** Supplied material follows **

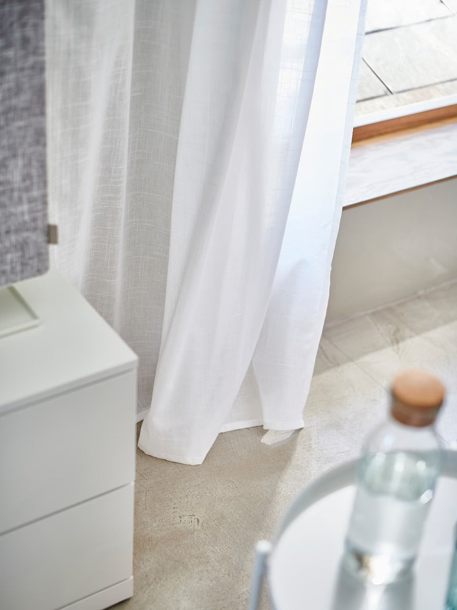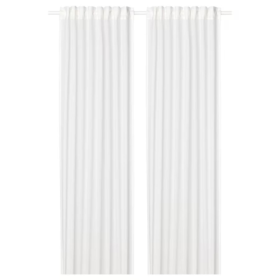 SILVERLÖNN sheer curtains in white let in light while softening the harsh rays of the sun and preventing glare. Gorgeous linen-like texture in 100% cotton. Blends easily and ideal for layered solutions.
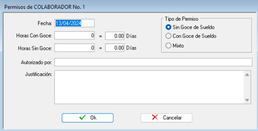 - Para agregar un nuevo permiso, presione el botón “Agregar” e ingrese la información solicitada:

** End of Supplied material **
** Supplied material follows **

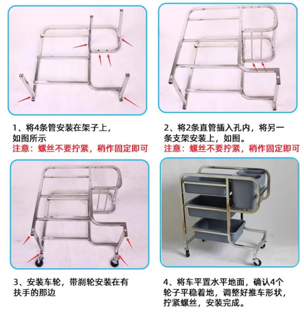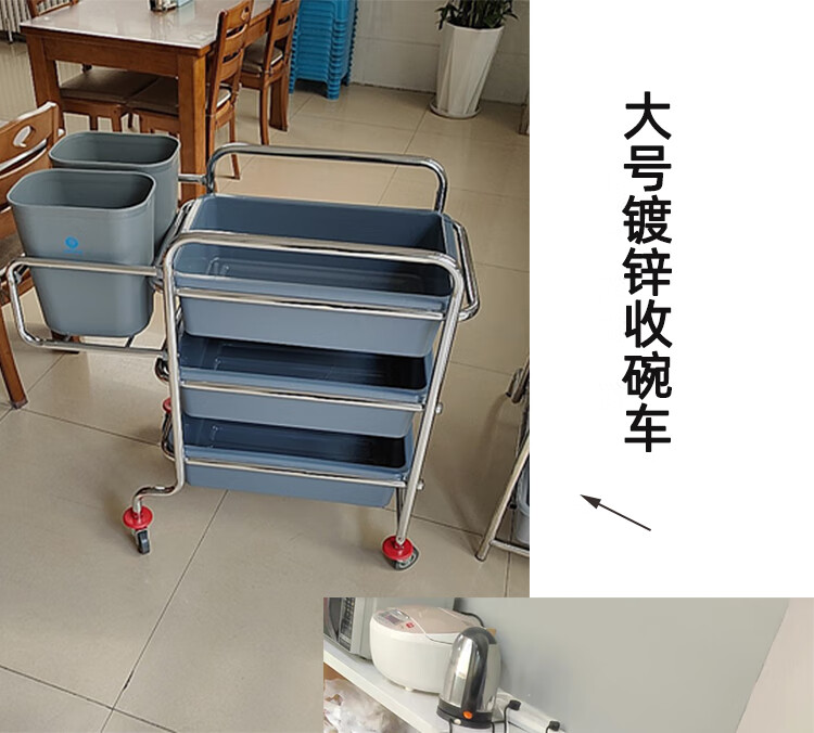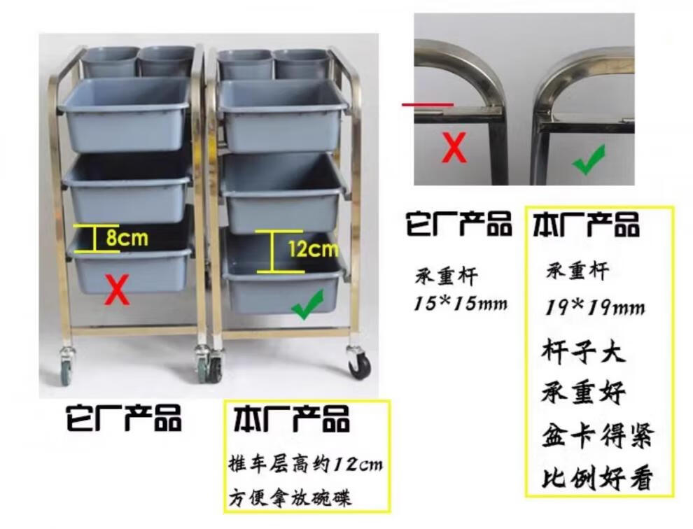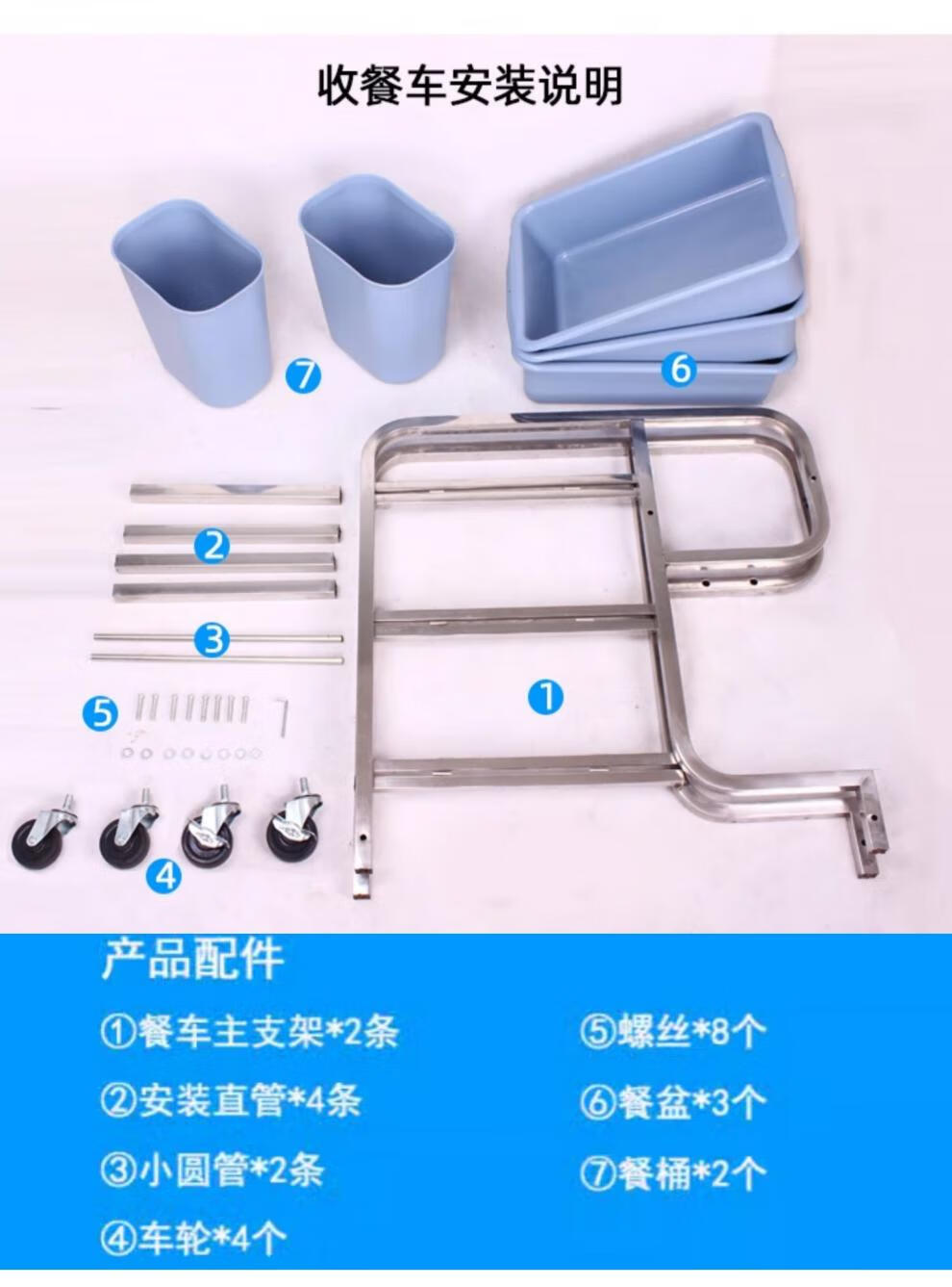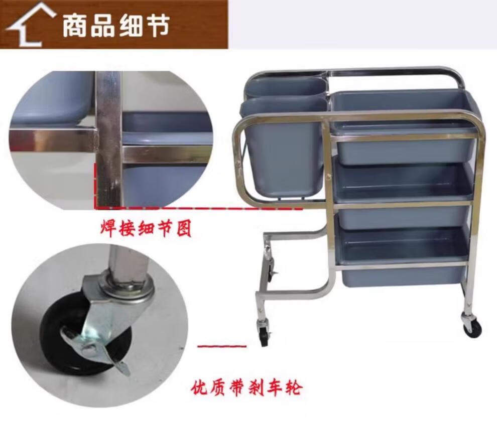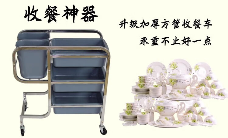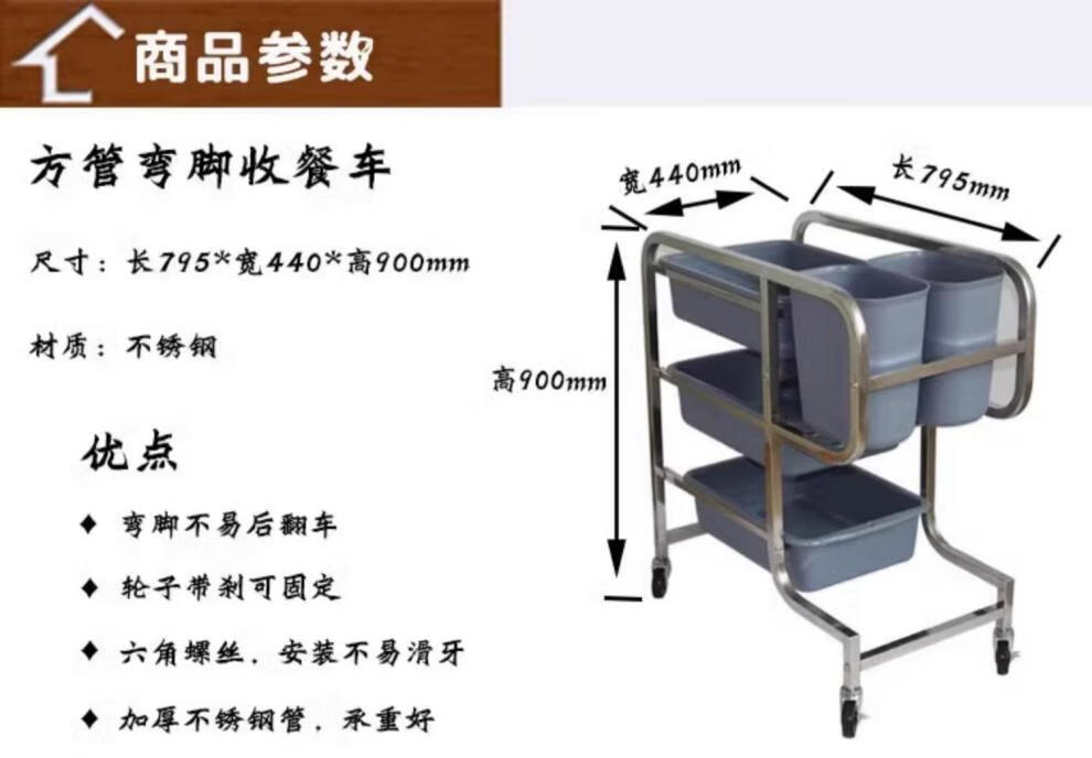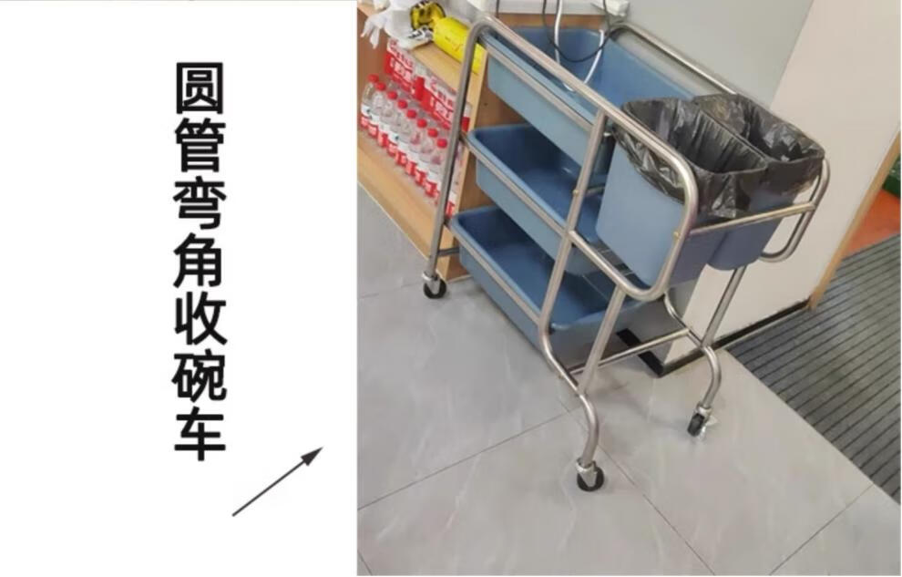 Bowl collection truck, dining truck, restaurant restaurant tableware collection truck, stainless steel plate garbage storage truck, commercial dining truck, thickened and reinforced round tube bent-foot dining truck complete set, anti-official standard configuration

** End of Supplied material **
** Supplied material follows **

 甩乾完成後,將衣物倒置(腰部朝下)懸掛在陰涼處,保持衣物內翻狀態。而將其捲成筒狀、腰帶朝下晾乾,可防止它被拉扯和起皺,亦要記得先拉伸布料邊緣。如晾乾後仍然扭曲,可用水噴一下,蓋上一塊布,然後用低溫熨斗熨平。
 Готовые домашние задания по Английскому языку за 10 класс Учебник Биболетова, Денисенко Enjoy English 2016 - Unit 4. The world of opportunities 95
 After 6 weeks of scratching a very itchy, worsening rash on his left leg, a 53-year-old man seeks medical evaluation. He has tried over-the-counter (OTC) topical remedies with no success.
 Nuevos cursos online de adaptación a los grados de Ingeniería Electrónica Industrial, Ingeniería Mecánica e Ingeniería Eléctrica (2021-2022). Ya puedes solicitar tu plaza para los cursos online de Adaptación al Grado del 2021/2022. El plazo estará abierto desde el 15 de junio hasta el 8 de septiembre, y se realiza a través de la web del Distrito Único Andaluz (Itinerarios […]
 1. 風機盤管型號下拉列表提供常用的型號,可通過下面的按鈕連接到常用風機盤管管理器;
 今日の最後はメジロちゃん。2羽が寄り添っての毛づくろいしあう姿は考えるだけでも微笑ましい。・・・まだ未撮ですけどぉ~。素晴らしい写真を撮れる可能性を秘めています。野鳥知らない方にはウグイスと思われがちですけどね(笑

** End of Supplied material **

*Work request*.
What is needed is an exact copy of the lines above, from the one containing "甩乾完成後,將衣物倒置(腰部" through the one containing "Готовые домашние задания", with nothing added.

*Exercise result*.
 甩乾完成後,將衣物倒置(腰部朝下)懸掛在陰涼處,保持衣物內翻狀態。而將其捲成筒狀、腰帶朝下晾乾,可防止它被拉扯和起皺,亦要記得先拉伸布料邊緣。如晾乾後仍然扭曲,可用水噴一下,蓋上一塊布,然後用低溫熨斗熨平。
 Готовые домашние задания по Английскому языку за 10 класс Учебник Биболетова, Денисенко Enjoy English 2016 - Unit 4. The world of opportunities 95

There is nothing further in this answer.